- Born: December 29, 1890 Montgomery County, Kansas, U.S.
- Died: September 17, 1974 (aged 83) Los Angeles, California, U.S.
- Occupation: Actress
- Years active: 1917–1940

= Emily Gerdes =

American actress

Emily Gerdes (sometimes credited as Emma Gerdes) was an American character actress active primarily during Hollywood's silent era.

== Biography ==
Gerdes was born near Independence, Kansas, to Herman Eden Gerdes (a veterinarian) and Mary Ellen Glaze. The family soon moved to Missouri and then Arizona before later settling in Glendale, California. Her parents later divorced. In Los Angeles, Gerdes began appearing in films; her first known credit was in 1917's Rebecca of Sunnybrook Farm.
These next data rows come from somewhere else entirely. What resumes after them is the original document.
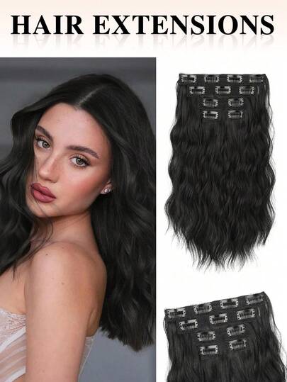 nimoki 4 piezas de extensiones de cabello con clips de 12 pulgadas, extensiones de cabello ondulado, extensiones de cabello sintético con clips para uso diario de las mujeres (negro) - Negro - Añade 7
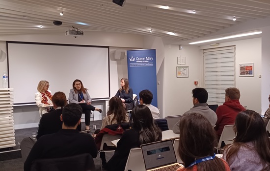 The evening featured an engaging interview-style discussion with our guest speakers Mrs Larisa Babiy (Head of Strategic Litigation and Arbitration, Renault Group), and Mrs Samia Gambier (International Legal Negotiator, Total Enterprises), both experienced in-house lawyers at major international firms. The conversation, expertly facilitated by Dr Maria Fanou, explored the realities of working within an organisation, offering candid reflections on the evolving role of in-house counsel, the strategic dimension of their advisory function, and the professional pathways that shape a successful career in this field.
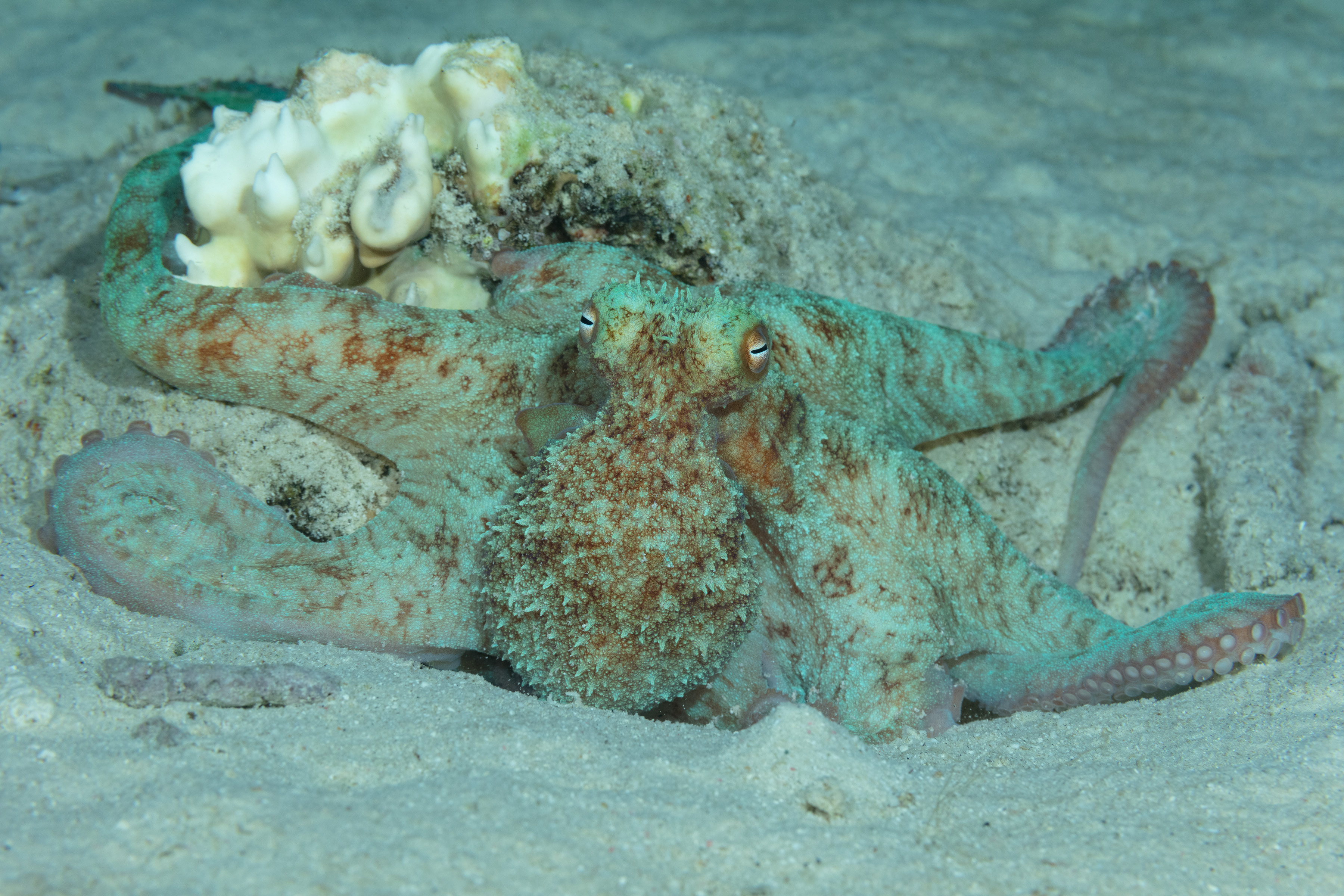 This Octopus has a smooth body, often showing iridescent blue-green shades mixed with reddish-brown patterns. Its eyes are large and it lacks a dark edge around its suckers.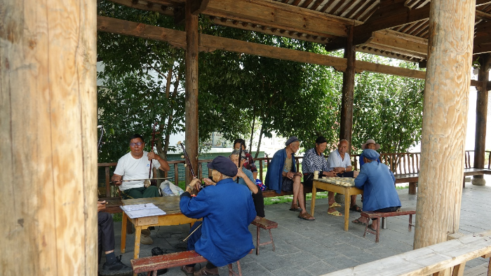 步入社区,道路整洁、环境优美。与每家每户干净整洁的小院相呼应的是随处可见的法律宣传标语。路过凉亭,村民们在悠扬的二胡声中拉着家常。

== Selected filmography ==
- Rebecca of Sunnybrook Farm (1917)
- A Lady's Name (1918)
- How Could You, Jean? (1918)
- Puppy Love (1919)
- Once to Every Woman (1920)
- Bell Boy 13 (1923)
- Dynamite Dan (1924)
- Behind Two Guns (1924)
- Heir-Loons (1925)
- Ella Cinders (1926)
- Unknown Dangers (1926)
- Daniel Boone Thru the Wilderness (1926)
- Heroes of the Wild (1927)
- Never the Twins Shall Meet (1932)
- Banjo on My Knee (1936)
- The Grapes of Wrath (1940)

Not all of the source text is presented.